The president plans to claim victory even before the final results are clear, Axios reported, and has repeatedly refused to commit to honoring the election result if he loses to former Vice President Joe Biden.

A Trump win—or a Trump challenge to a Biden win—could prompt major protests in American cities, where voters traditionally back the Democrats. Unrest could also be a magnet for right-wing agitators and anti-fascist protesters that travel around the country for protests.

Earlier this month, Patrick Burke—the executive director of the Washington, D.C., Police Foundation—told CNN that police were preparing for all types of unrest.

"If there's no winner, you will see significant deployments of officers at all levels across the capital," Burke said. "Officers will get cancellations of days off, extensions of shifts and full deployments of officers across the city."

Elsewhere, major retailers are pre-emptively closing stores in fear of unrest, property damage and looting, which has been seen on the sidelines of largely peaceful protests throughout the summer.

Nordstrom announced plans to board up around 350 of its stores and hire extra security for election day, the New York Times reported. The Tiffany & Company jeweler said it would board up the windows of "select stores in key anticipation of potential election-related activity."

Saks Fifth Avenue is "implementing additional security measures at certain locations in the event of civil unrest due to the current election," while in Los Angeles' Beverly Hills police are taking a "proactive approach" and closing Rodeo Drive, the famous strip of luxury stores, the Times said.

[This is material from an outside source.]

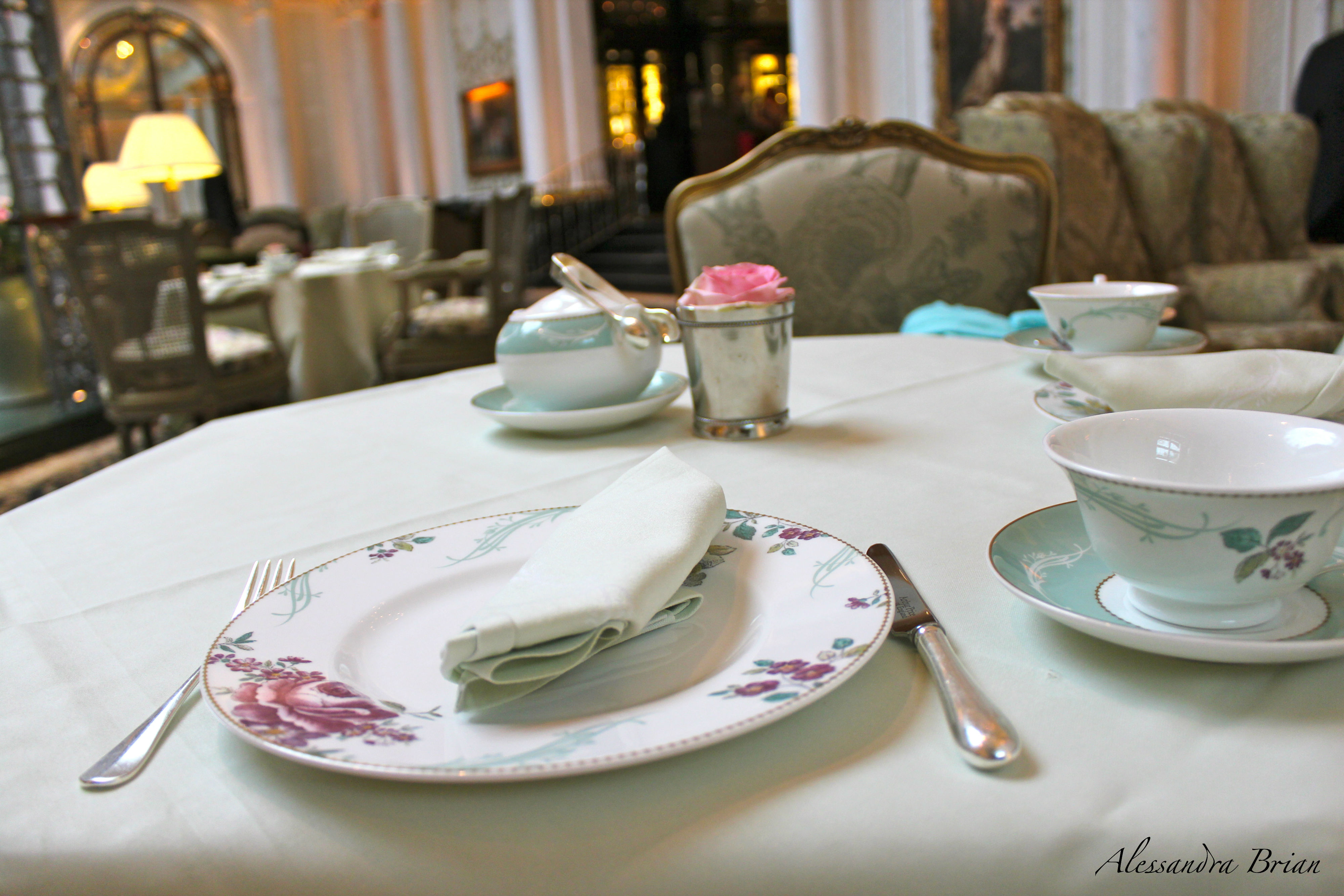 We were seated in the perfect location. Our backs were to the wall, and we had the perfect view of not only the entire room itself, but anyone entering the foyer. We selected our tea, had a particularly awkward photo taken, then set about commenting on the potential life stories of surrounding guests and of course, the outfits they were wearing.

A YouGov survey published last month found more than half of Americans—55 percent of respondents—expect an increase in violence after election day. Thirty three percent of voters were unsure, while only 11 percent did not expect an increase in violence.

The president has been accused of inflaming tensions in the lead up to the vote, refusing to denounce violent white supremacist groups and encouraging his supporters to intimidate opponents at polling stations and on the campaign trail.

Trump even celebrated a caravan of supporters who surrounded a Biden campaign bus in Texas last week, ramming a support car and forcing the bus off the road. The Biden staffers aboard called 911 to request help, and were escorted to their next stop by police.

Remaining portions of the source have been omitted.